Carnegie Foundation for the Advancement of Teaching
- Founded: 1905; 121 years ago
- Founder: Andrew Carnegie
- Location(s): Princeton, New Jersey (original) and Stanford, California (current);
- Region served: Global
- Method: Donations, Grants, Reports
- Key people: Andrew Carnegie, Henry Pritchett, Abraham Flexner, Clark Kerr, Ernest L. Boyer
- Revenue: $15,797,428 (2017)
- Expenses: $15,709,366 (2017)
- Website: www.carnegiefoundation.org

= Carnegie Foundation for the Advancement of Teaching =

American education policy and research center

The Carnegie Foundation for the Advancement of Teaching (CFAT) is a U.S.-based education policy and research center. It was founded by Andrew Carnegie in 1905 and chartered in 1906 by an act of the United States Congress. Among its most notable accomplishments are the development of the Teachers Insurance and Annuity Association (TIAA), the Flexner Report on medical education, the Carnegie Unit, the Educational Testing Service, and the Carnegie Classification of Institutions of Higher Education.

==History==
The foundation was founded by Andrew Carnegie in 1905 and chartered in 1906 by an act of the United States Congress under the leadership of its first president, Henry Pritchett.

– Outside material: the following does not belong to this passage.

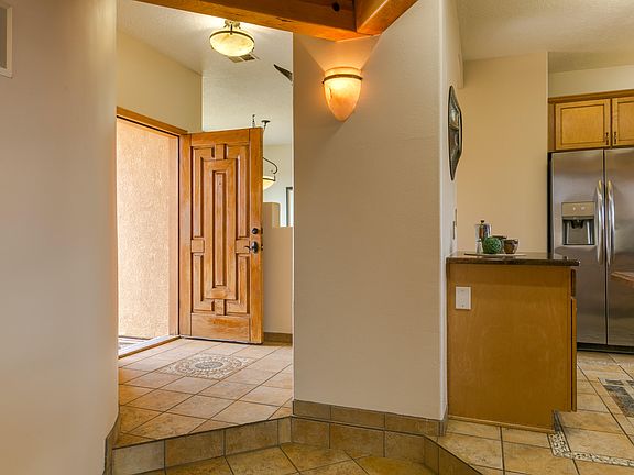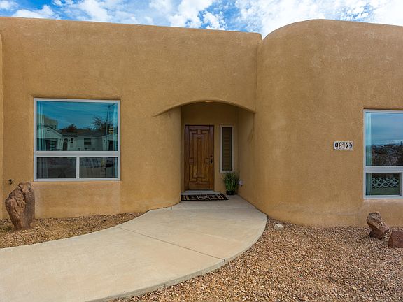 Stunning custom-built Southwestern style home in Paradise Hills. Elegant foyer opens to soaring twelve-foot wood ceilings in the family room. Relax at the end of the day in front of the impressive Kiva fireplace while viewing the Sandia Mountains. Well appointed kitchen with stainless steel appliances making entertaining a dream. Vigas, copper sinks, spacious separate dining room, huge pantry, radiant heat, and beautiful tile floors throughout the home. The primary suite has a separate entrance, spa-like bathroom complimented by a jetted tub, and enormous walk-in closet. One owner home is conveniently located on one-third of an acre, walking distance to Eagle Ranch Park, restaurants and shopping.

The foundation credits Pritchett with broadening their mission to include work in education policy and standards. John W. Gardner became president in 1955 while also serving as president of the Carnegie Corporation of New York. He was followed by Alan Pifer whose most notable accomplishment was the 1967 establishment of a task force with Clark Kerr at its helm.

The foundation started the Graduate Record Examinations (GRE), initially as an experiment in 1936. It was acquired by the Educational Testing Service in 1948.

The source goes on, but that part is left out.